I have this problem after my server update, which is running gentoo. I dont know where the problem is, searched google for a long time, but no results.

Problem: My 3 windows workstations are connected to gentoo server/router and I cant see samba shares via my network places, cant connect through the server name (\\darwin), but can connect through IP (\\192.168.0.1). I dont know if its a DNS problem or samba itself. As I said, everything worked fine before the update. I did not overwrite /etc/samba/smb.conf, neither /etc/bind/named.conf files.

Can you give me a hint where the problem is? Logs you need, config files etc.

Thanks in advance

----------

## Trog Dog

Have you tried a "repair connection" on your windows boxes? Windows boxes lose shares all the time, IME if you can connect via ip address but not server name then it's a windows problem.

----------

## eruditas

Tried restarting, repairing etc. I doubt that its a windows problem, because 1 box can loose something, but when i cant connect from all 3 - I think its something with linux.

----------

## FizzyWidget

last time i had that issue i had to restart samba because it has crashed/stop silently with no issue in the logs, others have suggested that it could be the new windows authentication that windows 7 and above no uses, if your not using vista or above no need to look into that.

Have you added the ips to both the windows host file and linux host file, that helped me here, also have the permissions on the shares changed?

----------

## eruditas

Samba has been restarted several times. No result.

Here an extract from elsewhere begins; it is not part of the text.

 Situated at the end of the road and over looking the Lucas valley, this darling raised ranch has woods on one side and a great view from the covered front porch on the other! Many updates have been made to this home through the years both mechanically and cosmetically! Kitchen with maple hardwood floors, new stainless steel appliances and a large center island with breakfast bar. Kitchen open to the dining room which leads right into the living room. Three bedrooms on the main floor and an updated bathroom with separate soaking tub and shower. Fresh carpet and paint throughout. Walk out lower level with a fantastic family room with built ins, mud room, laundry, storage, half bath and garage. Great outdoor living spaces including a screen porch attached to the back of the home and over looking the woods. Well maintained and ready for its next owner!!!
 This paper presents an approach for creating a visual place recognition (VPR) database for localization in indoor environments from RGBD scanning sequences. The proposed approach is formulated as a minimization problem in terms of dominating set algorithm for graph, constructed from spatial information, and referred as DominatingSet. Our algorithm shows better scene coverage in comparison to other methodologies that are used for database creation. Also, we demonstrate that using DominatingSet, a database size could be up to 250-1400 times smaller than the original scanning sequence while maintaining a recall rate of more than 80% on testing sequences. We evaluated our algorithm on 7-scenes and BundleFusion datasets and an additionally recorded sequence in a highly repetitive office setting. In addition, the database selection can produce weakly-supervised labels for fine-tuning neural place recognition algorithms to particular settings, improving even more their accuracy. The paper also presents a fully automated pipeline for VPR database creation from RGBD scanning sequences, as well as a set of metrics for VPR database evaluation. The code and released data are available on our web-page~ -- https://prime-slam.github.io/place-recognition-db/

Linux host file is proper. I do not correct windows host file. It will do the trick of course, but it's only a workaround, not solving the problem.

3 PCs are running windows 7. Now i connected a new one with XP, works perfectly, can "see" even Windows 7 computers.

So taht means the problem is with windows 7? Dont get it.

----------

## FizzyWidget

Last time i had such an issue i had to change the LAN ManagerAuthentication Level on windows to SendMTLMv2 Response Only to Send LM & NTLM -- Use NTLMv2 Session Security If Negotiated, lately though i have not had to do such a thing, i'm using ~amd64 maybe its an updated version of samba, maybe they changed something or maybe i just got lucky  :Smile: 

----------

## Trog Dog

 *eruditas wrote:*   

> 
> 
> 3 PCs are running windows 7. Now i connected a new one with XP, works perfectly, can "see" even Windows 7 computers.
> 
> So taht means the problem is with windows 7? Dont get it.

 

Ahh, there is no "repair network connection" on windows 7, only way I've found to fix this previously is to reboot the win 7 box.

----------